Your instructions
Every line in the listing below from the one with "<p>Woman holding scuba diving equipment</p>" through the one with "경부고속도로, 평택제천고속도로 인접: 경부고속도로, 평택제천고속도로, 동부고속화도로(공사" is to be reproduced exactly, both ends included; leave out the rest.

Record extracts
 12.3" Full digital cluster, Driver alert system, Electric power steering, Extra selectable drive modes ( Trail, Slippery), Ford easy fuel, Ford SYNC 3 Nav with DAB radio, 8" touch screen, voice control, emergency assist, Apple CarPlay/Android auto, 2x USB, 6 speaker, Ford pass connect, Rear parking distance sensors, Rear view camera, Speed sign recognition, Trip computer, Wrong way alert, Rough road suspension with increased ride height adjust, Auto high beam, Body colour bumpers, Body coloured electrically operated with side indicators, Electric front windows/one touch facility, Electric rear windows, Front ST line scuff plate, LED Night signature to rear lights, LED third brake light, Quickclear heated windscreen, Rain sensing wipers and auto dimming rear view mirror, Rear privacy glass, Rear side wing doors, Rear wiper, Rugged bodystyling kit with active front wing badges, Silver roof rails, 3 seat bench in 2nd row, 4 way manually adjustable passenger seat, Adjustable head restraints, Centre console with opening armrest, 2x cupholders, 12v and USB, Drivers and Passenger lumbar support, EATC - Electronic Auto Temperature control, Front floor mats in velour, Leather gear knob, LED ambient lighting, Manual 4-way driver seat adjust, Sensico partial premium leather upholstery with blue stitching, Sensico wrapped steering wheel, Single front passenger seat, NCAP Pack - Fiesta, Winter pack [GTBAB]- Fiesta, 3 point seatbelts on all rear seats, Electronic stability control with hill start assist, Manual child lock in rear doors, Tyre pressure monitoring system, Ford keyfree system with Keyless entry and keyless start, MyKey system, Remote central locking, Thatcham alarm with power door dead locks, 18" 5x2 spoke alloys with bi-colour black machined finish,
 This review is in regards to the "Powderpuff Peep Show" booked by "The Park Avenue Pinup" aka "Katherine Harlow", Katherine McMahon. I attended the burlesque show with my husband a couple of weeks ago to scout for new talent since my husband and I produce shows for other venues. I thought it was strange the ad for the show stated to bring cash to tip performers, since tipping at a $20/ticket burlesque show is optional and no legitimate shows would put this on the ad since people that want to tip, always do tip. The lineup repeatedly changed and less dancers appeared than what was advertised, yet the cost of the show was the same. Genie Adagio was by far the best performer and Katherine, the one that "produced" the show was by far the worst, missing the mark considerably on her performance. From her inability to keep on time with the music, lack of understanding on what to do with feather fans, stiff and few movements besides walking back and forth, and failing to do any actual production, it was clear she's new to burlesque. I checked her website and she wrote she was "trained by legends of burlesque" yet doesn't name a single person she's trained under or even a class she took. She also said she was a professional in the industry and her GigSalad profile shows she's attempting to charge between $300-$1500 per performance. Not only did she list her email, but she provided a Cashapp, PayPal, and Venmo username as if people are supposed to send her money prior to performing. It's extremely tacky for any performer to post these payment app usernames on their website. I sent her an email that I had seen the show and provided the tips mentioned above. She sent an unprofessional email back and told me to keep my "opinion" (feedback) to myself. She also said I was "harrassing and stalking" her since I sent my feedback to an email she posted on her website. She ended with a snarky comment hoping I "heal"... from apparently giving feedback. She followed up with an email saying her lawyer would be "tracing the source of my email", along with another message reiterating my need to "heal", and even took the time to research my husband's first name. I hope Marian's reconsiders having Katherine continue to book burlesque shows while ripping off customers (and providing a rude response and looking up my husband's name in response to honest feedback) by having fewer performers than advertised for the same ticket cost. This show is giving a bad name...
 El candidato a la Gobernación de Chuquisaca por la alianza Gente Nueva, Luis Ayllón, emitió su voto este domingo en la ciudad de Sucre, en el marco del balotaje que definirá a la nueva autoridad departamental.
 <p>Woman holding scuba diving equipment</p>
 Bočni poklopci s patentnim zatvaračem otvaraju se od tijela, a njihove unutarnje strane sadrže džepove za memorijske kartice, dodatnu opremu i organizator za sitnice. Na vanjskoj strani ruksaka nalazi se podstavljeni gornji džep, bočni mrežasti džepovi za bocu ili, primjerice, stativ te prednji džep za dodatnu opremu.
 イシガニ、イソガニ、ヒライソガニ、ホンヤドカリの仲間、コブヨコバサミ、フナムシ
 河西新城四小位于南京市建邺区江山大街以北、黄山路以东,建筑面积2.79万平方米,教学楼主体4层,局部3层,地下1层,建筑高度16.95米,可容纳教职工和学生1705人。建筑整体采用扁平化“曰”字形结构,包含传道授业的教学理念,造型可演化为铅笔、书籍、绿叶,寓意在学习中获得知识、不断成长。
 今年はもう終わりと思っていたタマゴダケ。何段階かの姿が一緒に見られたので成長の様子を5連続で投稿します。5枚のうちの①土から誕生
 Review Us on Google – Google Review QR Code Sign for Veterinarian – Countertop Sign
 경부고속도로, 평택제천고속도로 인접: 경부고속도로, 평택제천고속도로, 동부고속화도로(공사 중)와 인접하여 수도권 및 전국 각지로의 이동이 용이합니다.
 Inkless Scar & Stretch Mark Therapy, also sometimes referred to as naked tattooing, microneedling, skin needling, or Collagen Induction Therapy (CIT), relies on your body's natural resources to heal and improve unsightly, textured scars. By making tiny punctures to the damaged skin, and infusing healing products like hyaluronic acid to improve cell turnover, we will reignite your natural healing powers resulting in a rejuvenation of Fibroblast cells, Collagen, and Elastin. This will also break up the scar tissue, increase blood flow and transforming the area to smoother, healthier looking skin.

Written answer
 <p>Woman holding scuba diving equipment</p>
 Bočni poklopci s patentnim zatvaračem otvaraju se od tijela, a njihove unutarnje strane sadrže džepove za memorijske kartice, dodatnu opremu i organizator za sitnice. Na vanjskoj strani ruksaka nalazi se podstavljeni gornji džep, bočni mrežasti džepovi za bocu ili, primjerice, stativ te prednji džep za dodatnu opremu.
 イシガニ、イソガニ、ヒライソガニ、ホンヤドカリの仲間、コブヨコバサミ、フナムシ
 河西新城四小位于南京市建邺区江山大街以北、黄山路以东,建筑面积2.79万平方米,教学楼主体4层,局部3层,地下1层,建筑高度16.95米,可容纳教职工和学生1705人。建筑整体采用扁平化“曰”字形结构,包含传道授业的教学理念,造型可演化为铅笔、书籍、绿叶,寓意在学习中获得知识、不断成长。
 今年はもう終わりと思っていたタマゴダケ。何段階かの姿が一緒に見られたので成長の様子を5連続で投稿します。5枚のうちの①土から誕生
 Review Us on Google – Google Review QR Code Sign for Veterinarian – Countertop Sign
 경부고속도로, 평택제천고속도로 인접: 경부고속도로, 평택제천고속도로, 동부고속화도로(공사 중)와 인접하여 수도권 및 전국 각지로의 이동이 용이합니다.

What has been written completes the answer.